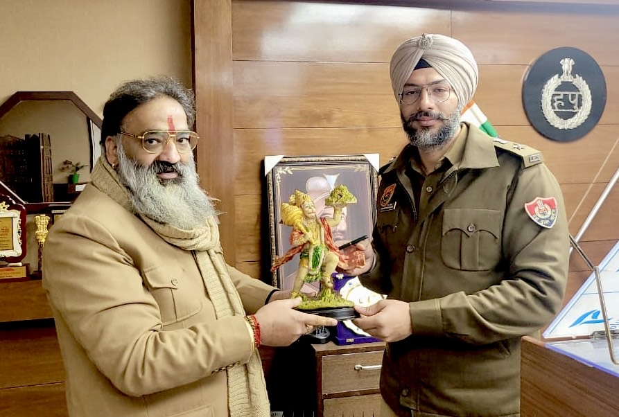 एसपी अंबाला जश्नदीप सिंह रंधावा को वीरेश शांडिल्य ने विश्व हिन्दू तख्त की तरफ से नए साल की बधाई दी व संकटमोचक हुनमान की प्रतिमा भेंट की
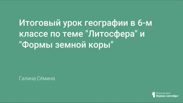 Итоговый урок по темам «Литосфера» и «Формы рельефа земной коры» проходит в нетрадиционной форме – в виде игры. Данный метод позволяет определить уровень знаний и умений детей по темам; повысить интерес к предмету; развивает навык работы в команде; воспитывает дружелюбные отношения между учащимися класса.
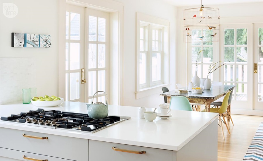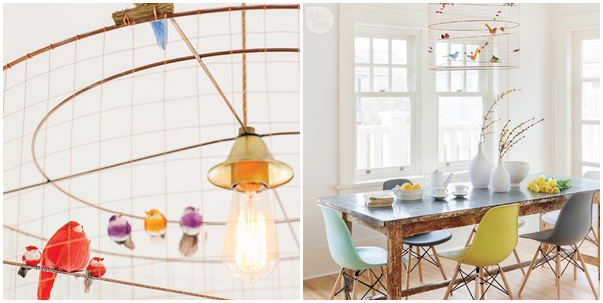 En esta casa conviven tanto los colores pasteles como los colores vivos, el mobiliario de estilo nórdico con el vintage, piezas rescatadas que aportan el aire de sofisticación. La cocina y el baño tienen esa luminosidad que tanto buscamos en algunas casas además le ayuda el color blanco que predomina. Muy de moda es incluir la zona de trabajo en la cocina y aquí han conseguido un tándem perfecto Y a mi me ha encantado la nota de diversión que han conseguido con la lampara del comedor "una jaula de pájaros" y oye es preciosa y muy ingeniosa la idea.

- **Brief**
Retype all the material word for word while skipping any picture it contains.

- **Exercise answer**
 एसपी अंबाला जश्नदीप सिंह रंधावा को वीरेश शांडिल्य ने विश्व हिन्दू तख्त की तरफ से नए साल की बधाई दी व संकटमोचक हुनमान की प्रतिमा भेंट की
 Итоговый урок по темам «Литосфера» и «Формы рельефа земной коры» проходит в нетрадиционной форме – в виде игры. Данный метод позволяет определить уровень знаний и умений детей по темам; повысить интерес к предмету; развивает навык работы в команде; воспитывает дружелюбные отношения между учащимися класса.
 En esta casa conviven tanto los colores pasteles como los colores vivos, el mobiliario de estilo nórdico con el vintage, piezas rescatadas que aportan el aire de sofisticación. La cocina y el baño tienen esa luminosidad que tanto buscamos en algunas casas además le ayuda el color blanco que predomina. Muy de moda es incluir la zona de trabajo en la cocina y aquí han conseguido un tándem perfecto Y a mi me ha encantado la nota de diversión que han conseguido con la lampara del comedor "una jaula de pájaros" y oye es preciosa y muy ingeniosa la idea.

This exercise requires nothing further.